The government of Myanmar on Tuesday released two Reuters journalists who were imprisoned for more than a year amid an international outcry over press freedom.
Wa Lone, 33, and Kyaw Soe Oo, 29, had been jailed since late 2017 over allegations that they received documents containing state secrets from a police officer. The government accused the pair of violating Myanmar’s Official Secrets Act, but press freedom advocates accused officials of drumming up charges in retribution for their reporting on the crackdown of the Rohingya minority group.
“I’m really happy and excited to see my family and my colleagues. I can’t wait to go to my newsroom,” Wa Lone said outside of Insein Prison in Yangon, according to a report from Reuters.
The international news service confirmed on social media that the pair had been released.
The journalists’ release is a striking development in a case that has attracted international attention. Myanmar’s Supreme Court rejected their appeal at the end of last month and said they would have to continue serving their seven-year prison term.
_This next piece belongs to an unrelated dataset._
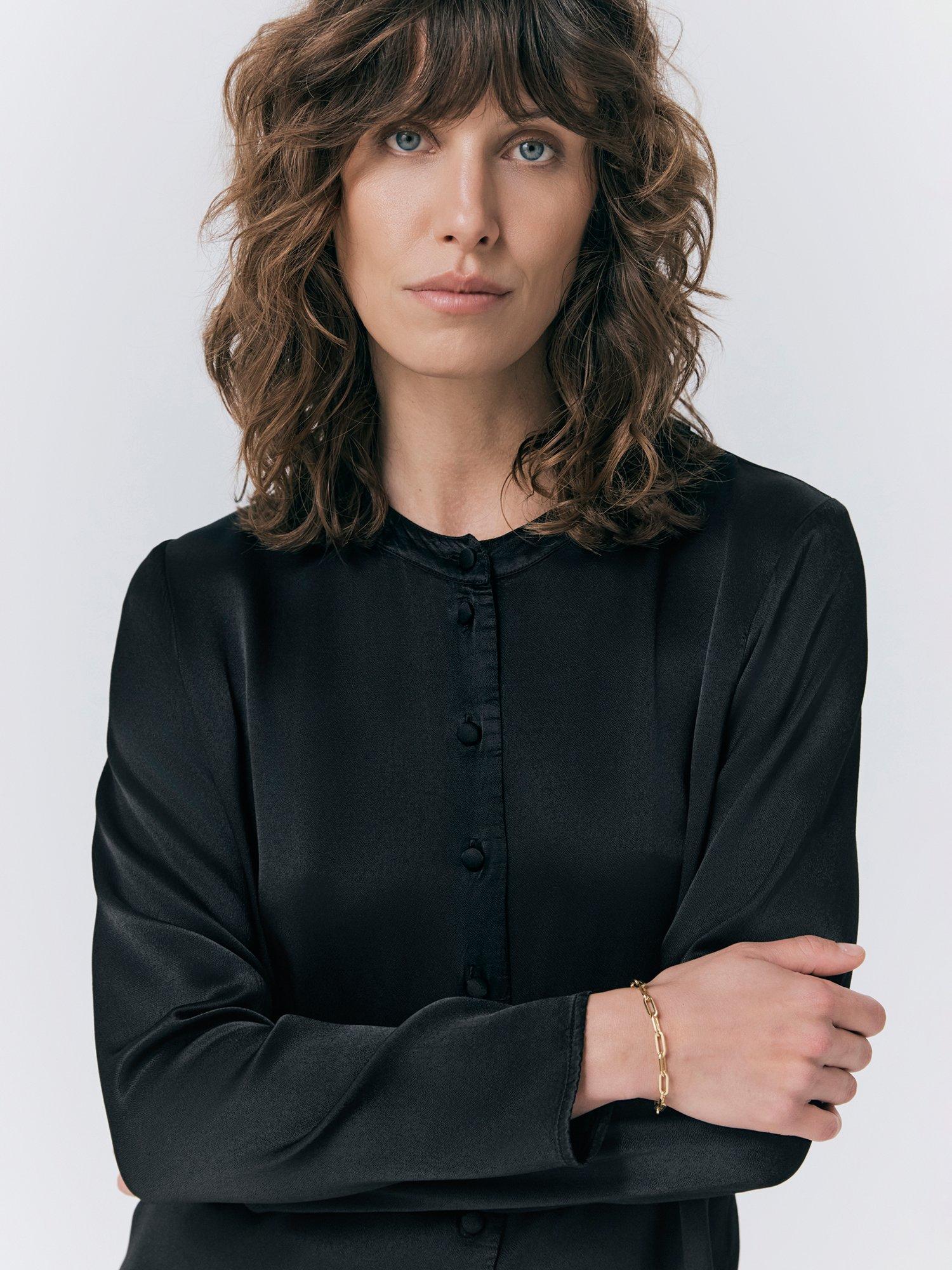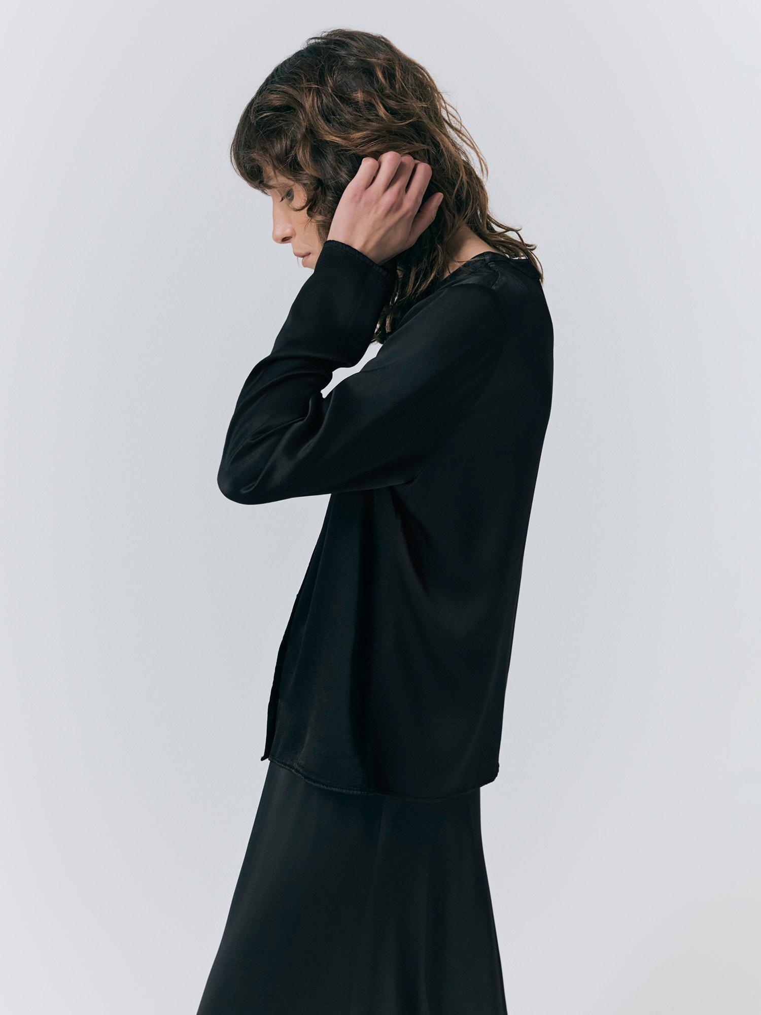 This luxurious satin fabric shirt has a button up front and crew neckline for an elegant finish.

At the time of their arrests, Wa Lone and Kyaw Soe Oo had been investigating the massacre of 10 Rohingya Muslims in the country, which was reportedly carried out by Myanmar troops and Buddhist villagers. Their story on the event was published by Reuters in February 2018 while they remained in jail.
Reuters ultimately won a 2019 Pulitzer Prize for its work covering the mass expulsion of the Rohingya, and both Wa Lone and Kyaw Soe Oo were recognized for their notable contributions to the stories. The pair were also recognized as Time magazine’s “Person of the Year” alongside others in the media last year.
Myanmar has drawn international condemnation for its treatment of the Rohingya, who had mostly resided in the country’s Rakhine state. Hundreds of thousands of people were violently forced from their homes and ultimately settled in neighboring Bangladesh. The U.S. House of Representatives declared the event a genocide last December, and the United Nations Human Rights Council has called for a tribunal to prosecute those responsible for any violence.
The event has also recast the political career of Aung San Suu Kyi, a Nobel laureate who was released from house arrest in 2010 and later become Myanmar’s de facto head of state. Many had championed her ascension, saying it would lead to a more Democratic process in the country after decades of military rule.
But after the treatment of the Rohingya and the imprisonment of many journalists, Aung San Suu Kyi has instead been accused of quashing any dissension against her leadership.
This article has been updated with more details on the Reuters journalists and their coverage.